# corriente maxima capacitor poliester



## jorgeLuis (Mar 11, 2011)

Hola amigos, estoy armando un filtro LC para un inversor.
Me surgio una cuestion que no puedo encontrar, capaz alguien me pueda ayudar.
El filtro LC esta sometido a una tension maxima 311 V ( entrada al filtro)
Probe realizar el filtro con componentes de diferente valor.
Analizando comportamiento a frecuencia fundamental f=50HZ (ver circuito adj.)
con C=1uF y Rcaga 600ohm obtengo una corriente de 100mA de pico y una potencia pico de 15W.
¿que corriente maxima aguanta un capacitor de poliester de 400V?
Al saber esto , podre determinar la cantidad de capacitores necesarios para manejar esa corriente.
Espero se entienda..
Saludos


----------



## dukex (Mar 11, 2011)

Hola,

Amigo, Este es el circuito al que haces referencia?? como dices que es un filtro LC.... me pregunto en donde esta el inductor..¿??

Si no excedes el voltaje del condensador no tendrás problemas con lo que mencionas.
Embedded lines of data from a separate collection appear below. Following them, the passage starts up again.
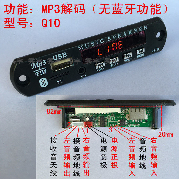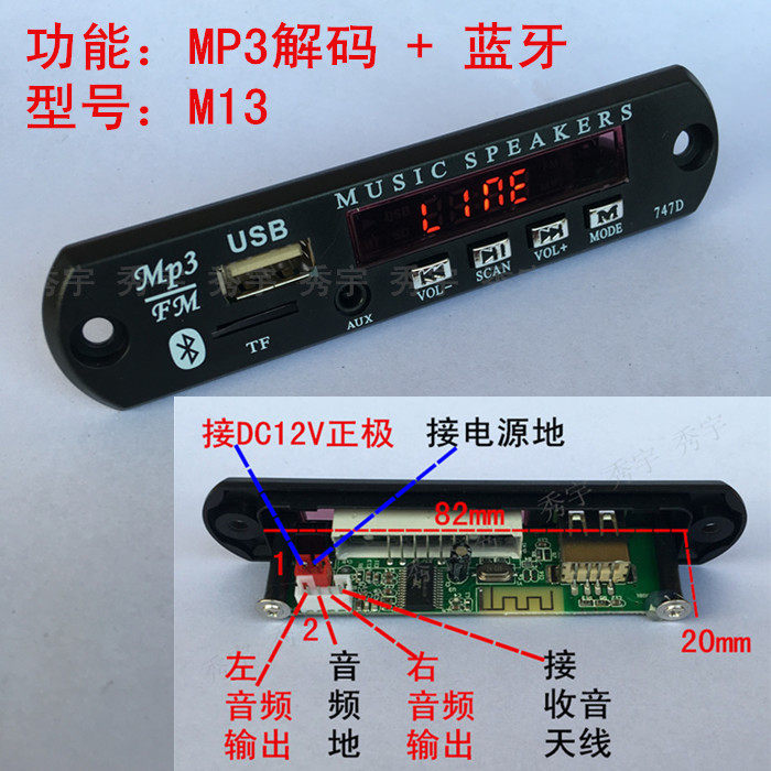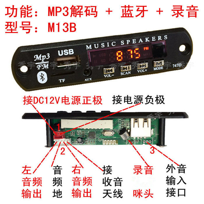 747D 12V MP3 decoder board FM display USB audio board card reader optional recording Bluetooth hands-free call
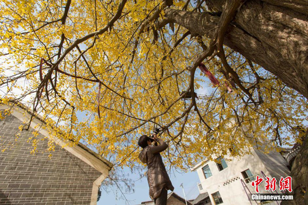 貴州の古い銀杏の木 冬を迎えるも秋色に輝く
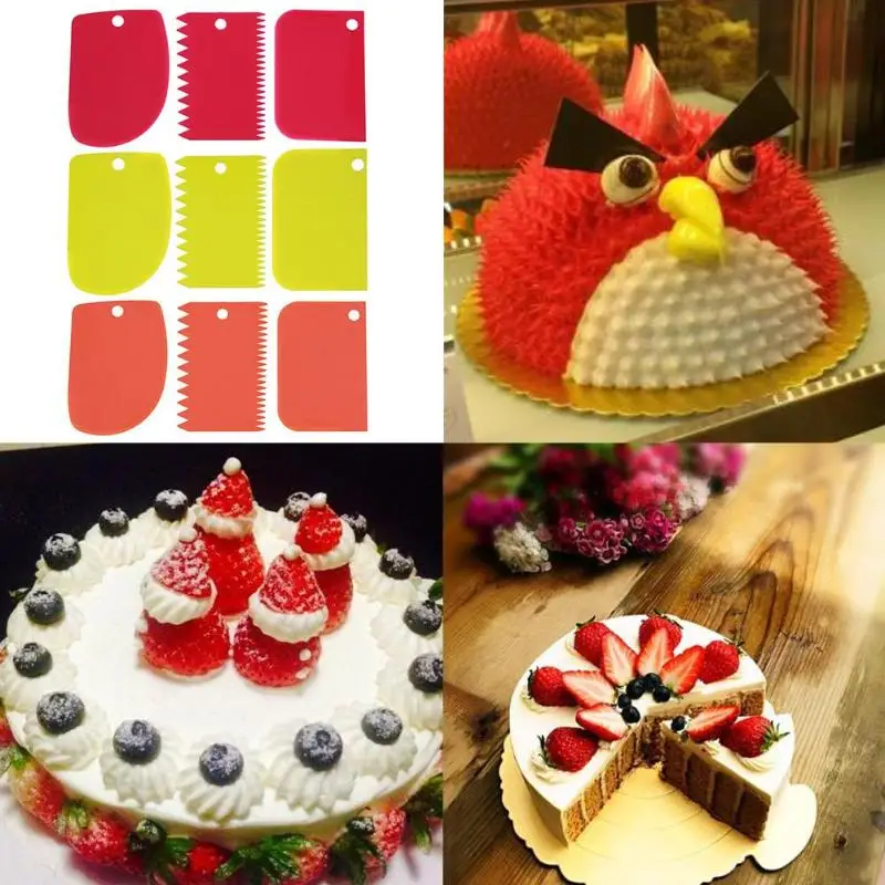 Классический скребок для торта, 3 шт./компл., инструмент для украшения крема для торта, многофункциональное лезвие, пластик, для торта, гладкий шпатель, кухонный инструмент
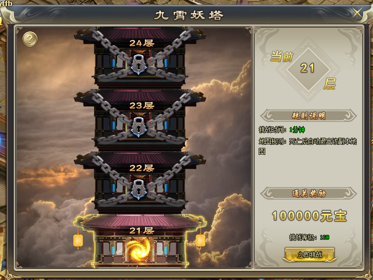 角色达到100级后,通过九霄妖塔图标按钮可进入九霄妖塔。

No necesitas mas condensadores, ya que si colocas otro condensador en paralelo la capacitancia cambiará.

saludos.


----------



## Rigeliano (Mar 11, 2011)

Si la entrada máxima es de 311V yo le pondría un capacitor de mayor voltaje por si acaso no me preocuparía mucho por la corriente, generalmente yo le calculo el voltaje así (Ventrada)*1.5 en tu caso seria unos 466 o mas si no encuentras ese valor ya vi morir varios capacitores por comprarlos exactos.
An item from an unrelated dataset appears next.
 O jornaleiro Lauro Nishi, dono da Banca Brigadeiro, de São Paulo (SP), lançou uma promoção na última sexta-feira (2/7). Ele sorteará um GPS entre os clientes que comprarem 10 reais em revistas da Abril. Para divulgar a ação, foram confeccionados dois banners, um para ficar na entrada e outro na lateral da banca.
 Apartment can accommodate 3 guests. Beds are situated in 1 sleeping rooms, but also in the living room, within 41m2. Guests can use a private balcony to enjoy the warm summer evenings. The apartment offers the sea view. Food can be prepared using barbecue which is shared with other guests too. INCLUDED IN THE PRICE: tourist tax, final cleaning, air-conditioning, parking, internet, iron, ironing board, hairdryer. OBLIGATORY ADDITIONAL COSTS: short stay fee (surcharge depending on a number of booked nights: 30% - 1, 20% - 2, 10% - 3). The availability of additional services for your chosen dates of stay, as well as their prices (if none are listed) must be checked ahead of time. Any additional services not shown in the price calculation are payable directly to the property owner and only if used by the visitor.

PD: De veras te falta una bobina en serie a tu circuito.


----------



## betodj (Mar 11, 2011)

jorgeLuis dijo:


> Hola amigos, estoy armando un filtro LC para un inversor.
> ¿que corriente maxima aguanta un capacitor de poliester de 400V? Saludos



Conceptos que se deben conocer: Estado estable senoidal, Reactancia capacitiva, adelanto de fase Ic vs. Vc, respuesta en frecuencia, etc. 
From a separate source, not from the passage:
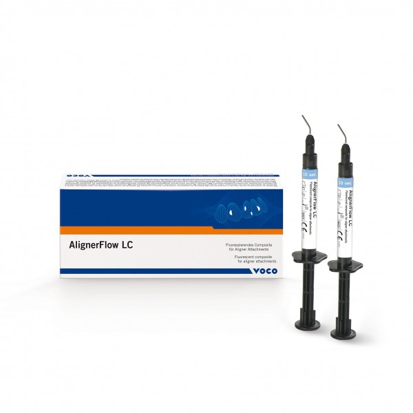 Voco AlignerFlow LC, a Fluorescent, light-cured nano-hybrid flowable composite for precise aligner attachments with high stability and enamel-safe removal under UV-A light.
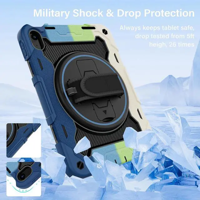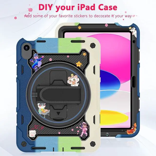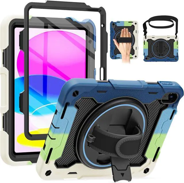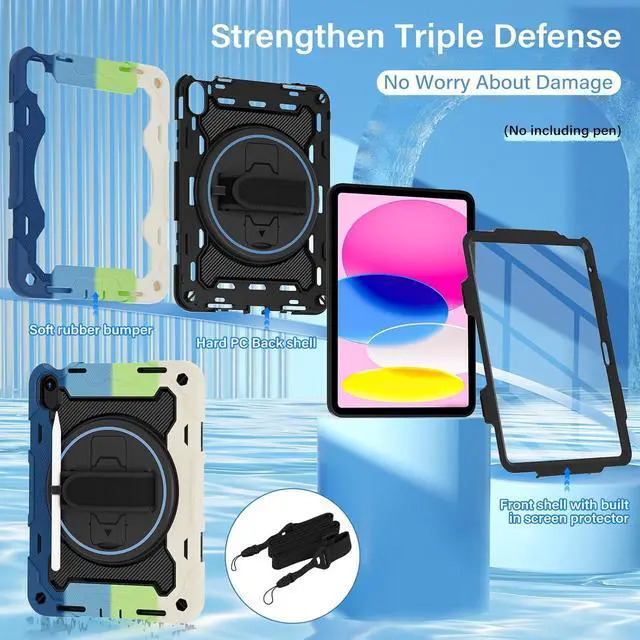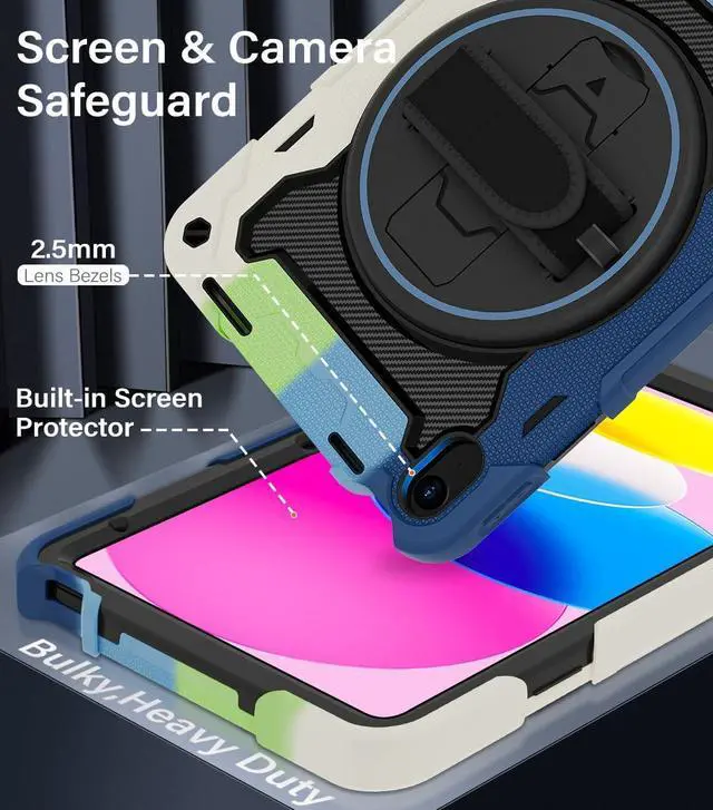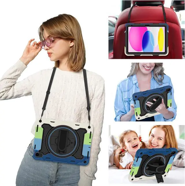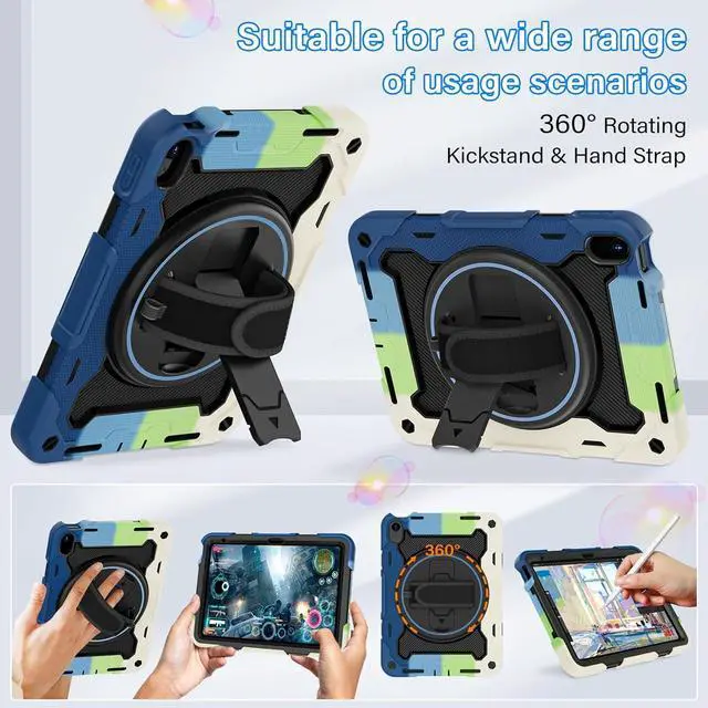 Generation 10.9 inch (Model includes: A3354/A3355/A3356 A2696/A2757/A2777) 2025/2022 Released[Unique Kickstand Function] only one type of iPad (A16) 10th/11th Case full body rugged protective durable rubber case supports auto kickstand retraction in the market you only need to lift the kickstand up gently and then free your hand done to open/close the kickstand that allows you and your kids use it much convenience. There is a Stylus Pen Holder on the back to store your pen (Pencil is NOT included) [3-layer Super Thick Full Body Strong Protection] Upgrade super thick super soft rubber + rugged PC and front screen protector frame combination. Not only increase ten times shockproof impact resistance but also increase extra dissipate heat by upgrade built in soft endothermic sponge[360 Rotating Kickstand / Hand Strap] Multiple angles kickstand and hand strap suit for all kinds of group such as toddler / children / kids make money people at office/restaurant / school / warehouse / outside students at elementary school /middle school/ high school /university senior people at home and another people[Built-in Screen Protector+Detachable Shoulder Strap] Raised edges on the screen protection + have built in screen protector protection truly made work to protect screen of iPad from scratching and breaking.

                        ic≈wCVc max = 2Π(60)(1µ)(400) = 150mA  @ 60Hz



Un saludo...

PD. referencia "circuitos eléctricos" Joseph A. Edminister


----------



## jorgeLuis (Mar 12, 2011)

dukex dijo:


> Hola,
> 
> Amigo, Este es el circuito al que haces referencia?? como dices que es un filtro LC.... me pregunto en donde esta el inductor..¿??
> 
> ...



Perdon fui un poco desprolijo...Me falto poner en el esquema el inductor para no confundir.
Pero, para el caso de analisis no era necesario.A la frecuencia de fundamental, f = 50 hz , la reactancia inductiva es despreciable frente a la impedancia formada por el RC.Es por eso que la considere un "corto" para esta frecuancia.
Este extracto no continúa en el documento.